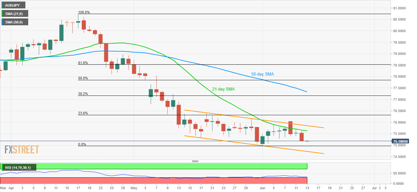 AUD/JPY technical analysis: Sellers aim for 74.96 inside descending channel
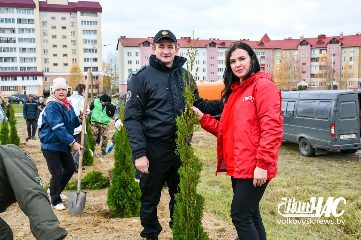 На призыв райисполкома и Волковысского коммунального хозяйства принять участие в озеленении городской территории откликнулись более 50 человек. Возглавил их член Совета Республики, председатель райисполкома Дмитрий Захарчук, председатель районного Совета депутатов Сергей Якимович, заместитель председателя райисполкома, председатель районного отделения Белорусской партии «Белая Русь» Игорь Соловей, представители силовых структур, общественных объединений и организаций. В числе участников данной акции и активные члены Волковысской организации профсоюза работников государственных и других учреждений.
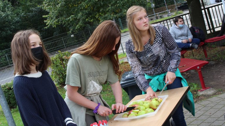 Während des Festes konnten die Besucher an diversen Ständen unter anderem spielen, sich bemalen, „tätowieren“ und farbenfrohe Haarsträhnen in die Haare einflechten lassen. Ein Highlight, des Festes war das Saftpressen aus frisch gepflückten Äpfeln aus der von uns bewirtschafteten Streuobstwiese und die Möglichkeit, den von der Schülerschaft hergestellten Saft zu kaufen. Ein interaktiver Dance-Flashmob lud alle Versammelten zum kreativen Tanzen ein. Für unsere ehemaligen Schülerinnen und Schüler wurde ein Ehemaligen-Café eingerichtet, in dem sie sich in lockeren Gesprächen über das Erlebte und Geplante unterhalten konnten. Ein reichlich zubereitetes Buffett, das mit regionalen, nationalen und internationalen Spezialitäten gefüllt war, sorgte für Stärkung des leiblichen Wohls der Besucher.
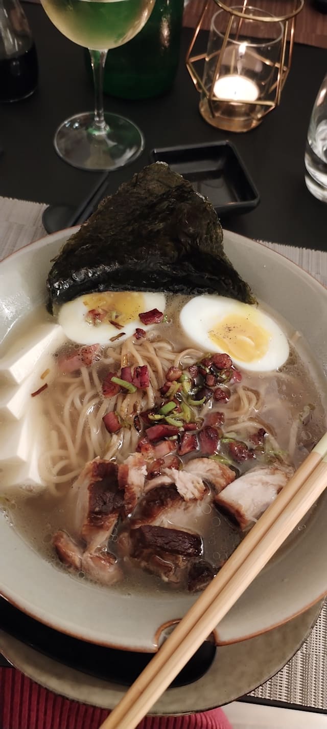 Carne di maiale, uova, wakame disitratato, porro e noodles.

==========

**About this exercise**
The whole listing above is to be printed again exactly; pictures stay out of it.

**Answer for the task**
 AUD/JPY technical analysis: Sellers aim for 74.96 inside descending channel
 На призыв райисполкома и Волковысского коммунального хозяйства принять участие в озеленении городской территории откликнулись более 50 человек. Возглавил их член Совета Республики, председатель райисполкома Дмитрий Захарчук, председатель районного Совета депутатов Сергей Якимович, заместитель председателя райисполкома, председатель районного отделения Белорусской партии «Белая Русь» Игорь Соловей, представители силовых структур, общественных объединений и организаций. В числе участников данной акции и активные члены Волковысской организации профсоюза работников государственных и других учреждений.
 Während des Festes konnten die Besucher an diversen Ständen unter anderem spielen, sich bemalen, „tätowieren“ und farbenfrohe Haarsträhnen in die Haare einflechten lassen. Ein Highlight, des Festes war das Saftpressen aus frisch gepflückten Äpfeln aus der von uns bewirtschafteten Streuobstwiese und die Möglichkeit, den von der Schülerschaft hergestellten Saft zu kaufen. Ein interaktiver Dance-Flashmob lud alle Versammelten zum kreativen Tanzen ein. Für unsere ehemaligen Schülerinnen und Schüler wurde ein Ehemaligen-Café eingerichtet, in dem sie sich in lockeren Gesprächen über das Erlebte und Geplante unterhalten konnten. Ein reichlich zubereitetes Buffett, das mit regionalen, nationalen und internationalen Spezialitäten gefüllt war, sorgte für Stärkung des leiblichen Wohls der Besucher.
 Carne di maiale, uova, wakame disitratato, porro e noodles.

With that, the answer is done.